Vol. 5, No. 2 May 2001
Involved
foster parents can be crucial to successful visits
When it comes to the issue of
visitation and foster care, the focus often centers on the needs of
children and biological parents. Frequency of visitation is an important
factor in determining reunification, so it is logical that the needs
of children and biological parents are most commonly considered.
Unfortunately, this
can leave foster caregivers on their own to contend with the complex
issues surrounding parent-child visits. These issues include the foster
parents' feelings of anger toward birth parents, dealing with visit-related
upheaval in the child's emotions and behavior, scheduling and logistical
challenges, and meeting the needs of the visiting child and others in
the home. In fact, without adequate involvement, education, and support,
foster parents may be uncommitted to parent-child visits. In the worst
cases, their attitude or actions may even undermine the success of visits
or lead to disruption of the foster placement.
Yet the opposite is
also true. Foster parents who understand the purpose and process of
visitation and who see themselves as part of a team of professionals
contribute to visits by:
- Helping prepare children for visits
- Comforting, reassuring, and talking
with children following a visit
- Providing transportation to and
from visits
- Allowing visits to take place in
their homes
- Building birth parents' confidence
and supporting their efforts to change by accepting them and treating
them with respect
- Modeling healthy parent-child interactions
and teaching proper child care to birth parents
- Providing information and being
a link to the social worker and, in some cases,
- Monitoring visits
To ensure the foster
parents they work with contribute to visits in these ways, social workers
need to know how to give them adequate support.
Supporting Parents
Foster parents and
kin caregivers can most fully support visitation when they see themselves
as part of the team serving the child and family. This perspective is
brought about through ongoing education and by involving foster parents
as professionals and colleagues.
Ongoing
Education
One of the best ways
to support foster and kin caregivers is to make sure they understand
their role. To do this, it is important to build on and reinforce what
foster parents learn in their required preservice training. This may
include sponsoring local workshops, directing foster parents to helpful
books, or facilitating their attendance at in-service training events,
such as Finding Teaching Moments, that are described in the N.C.

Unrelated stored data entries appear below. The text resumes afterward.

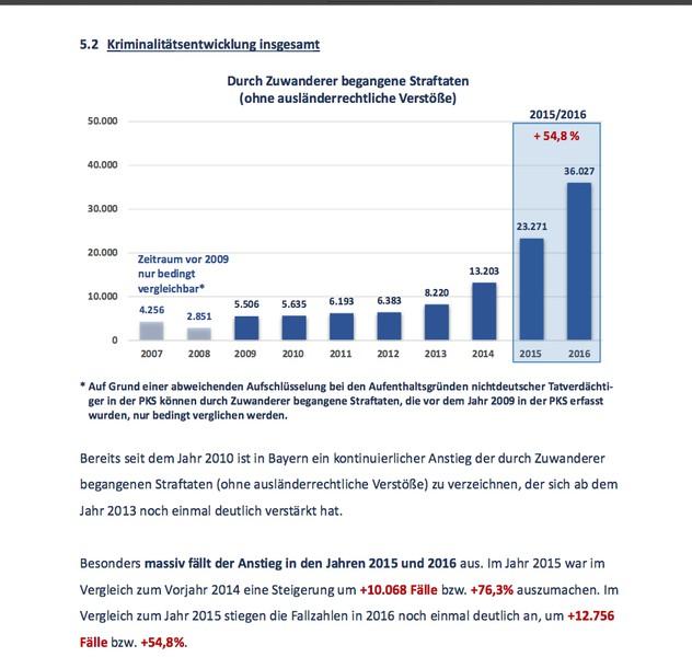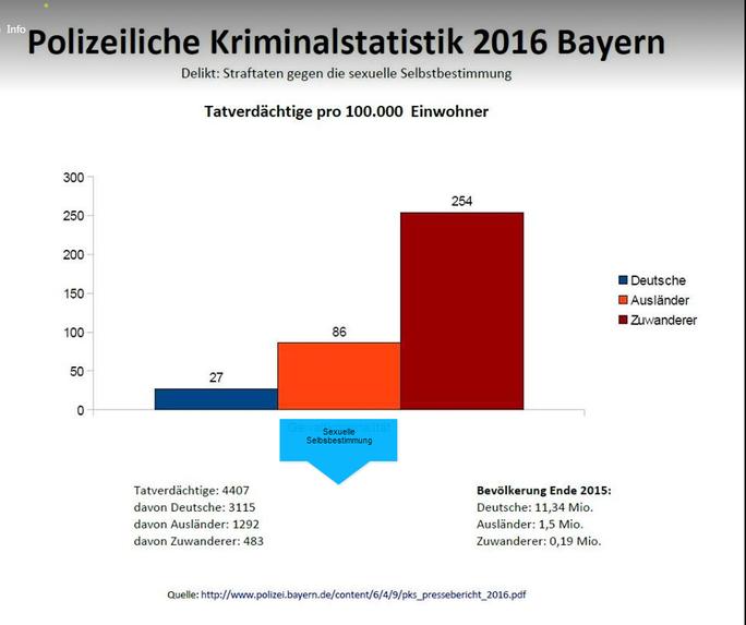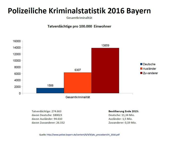 Der Faktor zwischen Deutschen und Zuwanderern beträgt 8,7. Zuwanderer waren 2016 in Bayern mithin fast neun Mal krimineller als Deutsche.
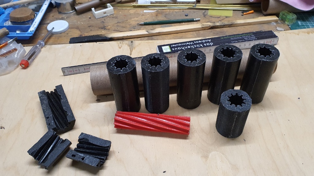Hier die Grains des Motors, bestehend nur aus Epoxy (Klebstoff) und Paraffin (Kerzenwachs)vor dem einkleben in den Liner...
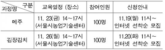 [서울시생활정보]전통내림솜씨 강좌 23·26일 개설
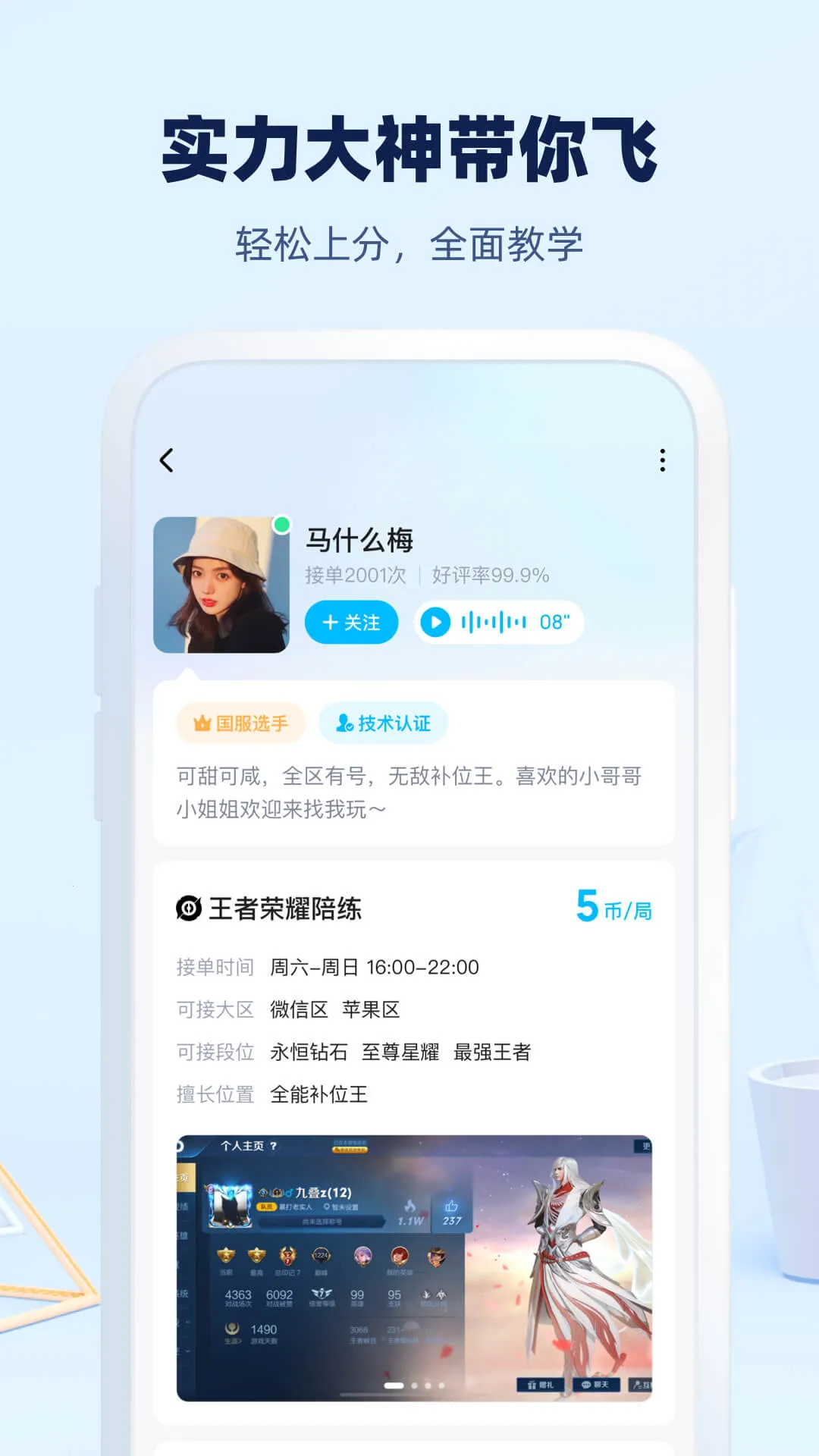 2. 随时在线一键下单,了解不同大神战绩更简洁。

Division of Social Services' training calendar.
Interaction with social
workers is also an important source of information for foster parents.
During informal discussions, particularly with new foster parents or
those who do not appear to appreciate the benefits of visitation, social
workers should help foster parents to:
- Understand the benefits of visitation
to children
- See how involvement in the visitation
process may help children and their families
- Recognize that despite being challenging,
children's negative behaviors or withdrawal following visits indicates
healthy attachment and distress over separation; they are not necessarily
indications that the visits are harmful for the child.
- Learn ways to manage the disruption
of the household routine caused by the child's reactions to visits.
By expanding what
they know, foster parents will significantly increase their ability
to support children and their families before, during, and after visits.
Promoting
Foster Parent Involvement
Treating foster parents
as a formal part of the team serving the child is another way to maximize
the contributions they make to parent-child visits. To do this, social
workers should make sure foster parents are at the table when the birth
family, older children, and other providers are defining the child's
needs or setting up the visitation schedule.
Keeping the family's
schedule in mind when planning visit times and locations is a professional
courtesy that makes a big difference to foster families and foster children.
For example, "if a foster parent is expected to comfort a child
following a visit, the plan must assure that he or she is home when
the child returns from a visit" (Hess & Proch, 1988). Likewise,
"visit beginnings and endings should not be scheduled at times
that will be highly disruptive for the foster family, such as the family's
regular dinner hour" (Hess & Proch, 1988).
It is also important
to avoid placing too many children from different families or too many
special needs children in one home. When this is done, visitation can
quickly become an unmanageable burden for foster families, as they struggle
to balance transportation, the needs of the visiting child, and the
needs of all the children in the home.
Foster parents will
also be more committed and involved in parent-child visits if social
workers share information with them in an open, timely way. This means
keeping them abreast of any changes in visit times or the status of
the child's case, and realistically describing the kinds of behaviors
they may see on the part of birth parents and children before, during,
and after a visit.
Finally, social workers
should be clear with foster parents about your desire to support them.
Discuss with them how they will handle any visit-related problems and
make sure they know you are open and available to discuss any issues
or concerns they may have. Encourage and appreciate their efforts to
support visitation and to work with birth parents.
Role of
Other Foster Parents
Other foster parents
can really help foster caregivers understand and support visitation.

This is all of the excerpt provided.